Rain Dancer & Glasses

RD: I don't want to watch your video. (project)

G: Why don't you?

RD: I just don't.

G: Well, then I won't watch yours.

RD: You already watched it yesterday.

G: I did not commit it to memory.

Other things G doesn't commit to memory: Homework. Lunch Money. Remembering Glasses everyday.


That's One Way To Do It

A student comes up to me holding a pink, slobbery, partially chewed piece of candy. (Starburst, if you need a visual). He has a grimace, clear sign of pain across his brow.

In his partially chewed piece of candy, there was his tooth. One of the big ones.



Trouble in Paradise

I have two students in my room who are totally the fourth grade versions of the Odd Couple. Except, of course, neither of them is neat.

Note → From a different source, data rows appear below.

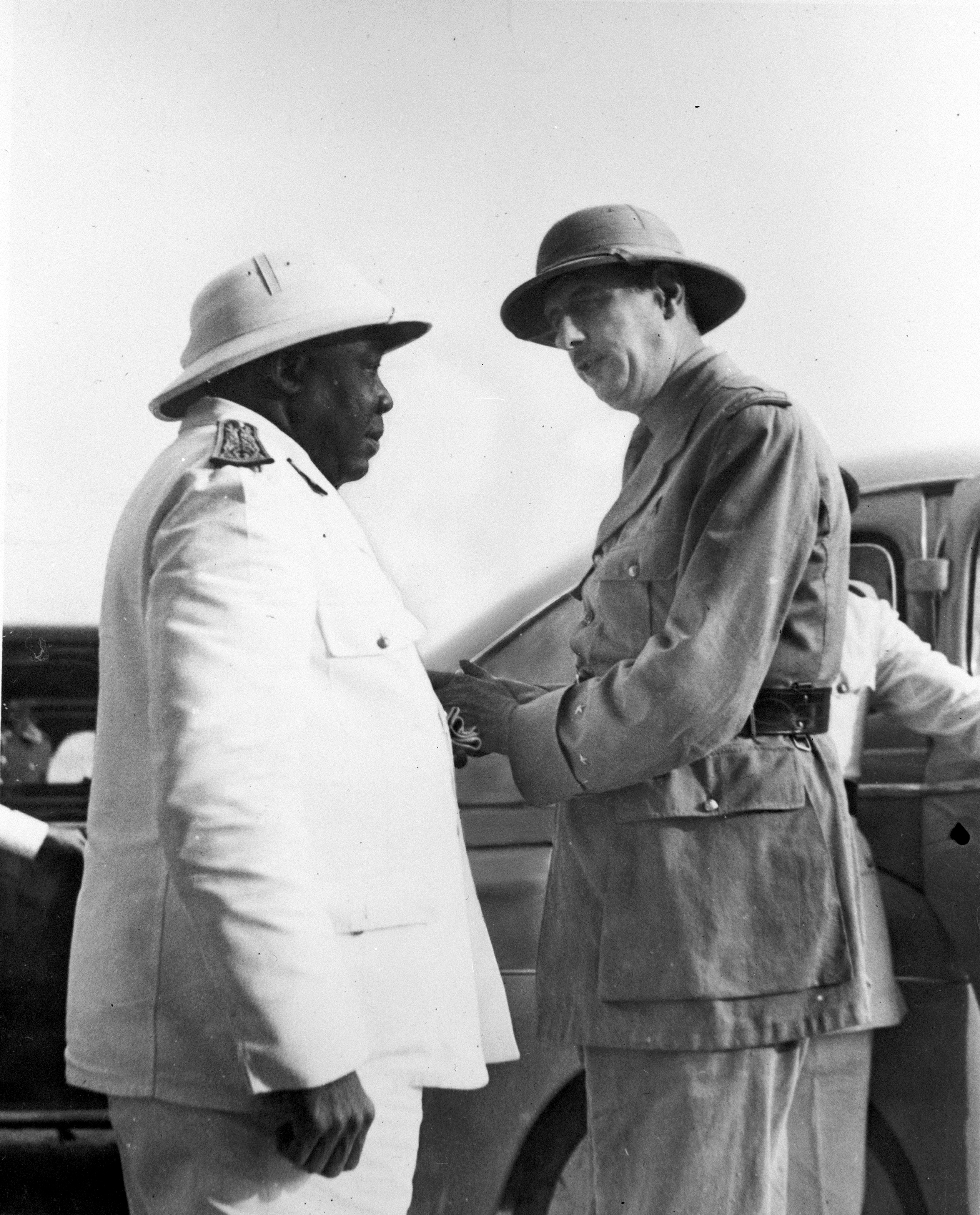 Charles de Gaulle is welcomed to Chad by Govenor-General Félix Adolphe Éboué (December 26, 1884 - March 17, 1944) of Free French Africa. Governor-General Eboue, a native of French Guiana, was the first black colonial governor in Africa. As governor of the Chad colony, he was the first African leader to rally to the Free French cause. Created and published between 1939 and 1944. Part of the Farm Security Administration - Office of War Information Photograph Collection (Library of Congress).
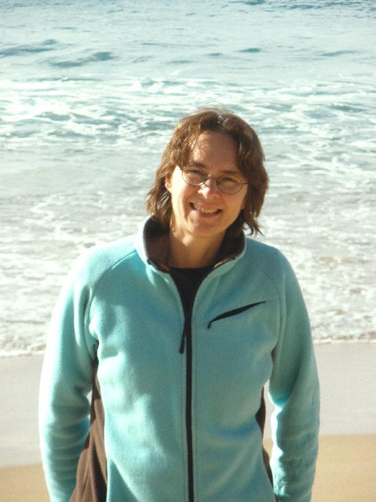 personal photo
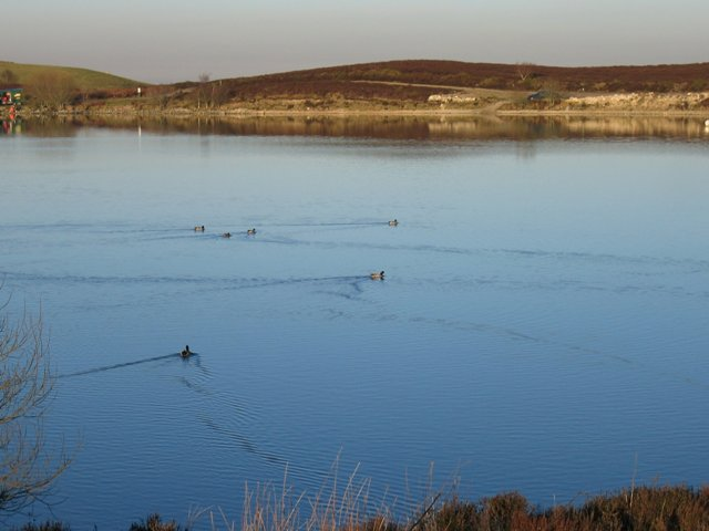 Across Llyn Cyfynwy The ducks have disturbed the calm surface of the fishing lake.

They do everything together. They co-write, co-read, walk in the halls together, support eachother, etc. The other day one of them was having a bad day, an "I-don't-have-any-friends" kind of bad day, and the other chimed in with "I'm your friend!!!" with a good ol' pat on the back. AND they sit at the Peanut Free table at lunch, by themselves, even though they aren't allergic to peanuts.

Well, today a huge hill appeared... and their relationship went down it. I overheard one say to the other "You're a bad friend." and then a "But I don't know what I did wrong, you have to tell me." and then "You should know what you did."

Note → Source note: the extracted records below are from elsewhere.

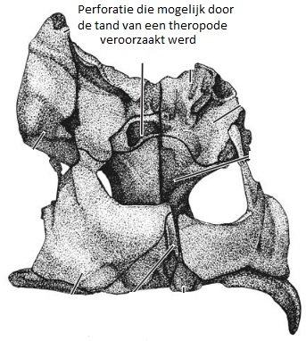 Drawing with caudal view on the braincase of Olorotitan arharensis Godefroit, Bolotsky & Alifanov, 2003 (holotype AEHM 2-845). Indication of possible theropod toothmark. Upper Cretaceous of Kundur, Russia
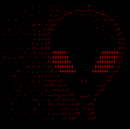 The official NullCrew logo.
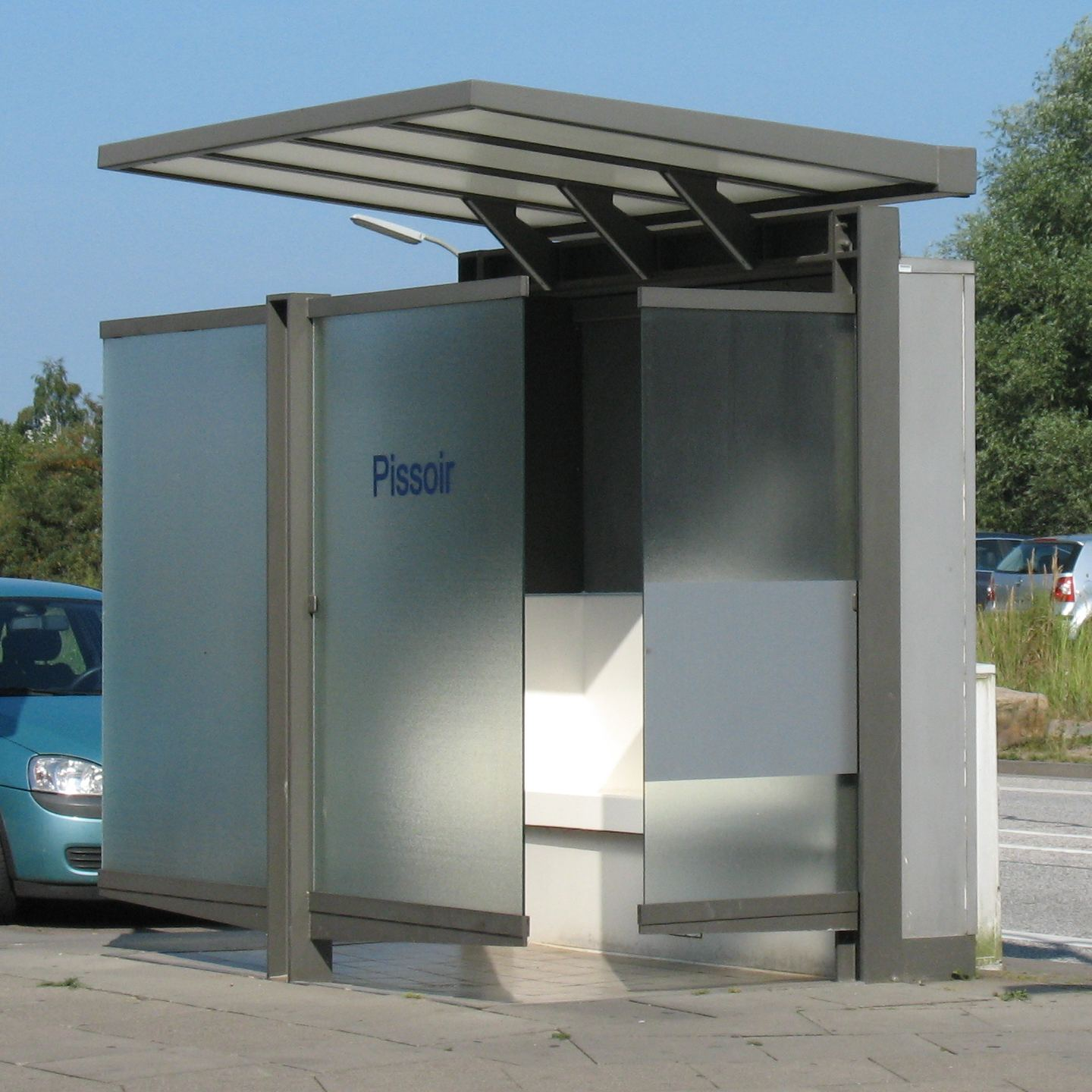 Pissoir in Hamburg-Allermöhe, Germany

One of the friends spent the entire lunch period by himself at the Peanut Free table... the lone island of their former friendship... and cried the whole 30 minutes. And then cried the whole way out to recess.

I later found a note... I couldn't make out the whole thing, but it was the start of an acrostic poem:


I hope that in the morning we will be back to normal, and the relationship will be back on track. I will keep you posted.


Rules for Teachers

Food and Shelter

This weekend I went to the bookstore to spend my $20 giftcard I received as a thanks for a small inconvenience.

I was in search of something, anything, that could rope in my "I don't want to read" readers. I have a few of them. I combed through student-aged "how-to" books, books about cars, buildings, candy... Nothing seemed just right for any of my little darlings.

My poor husband was trailing behind me as I wound my way around the entire store. (In all fairness, I did suggest he get a beverage from the bookstore bar before we began).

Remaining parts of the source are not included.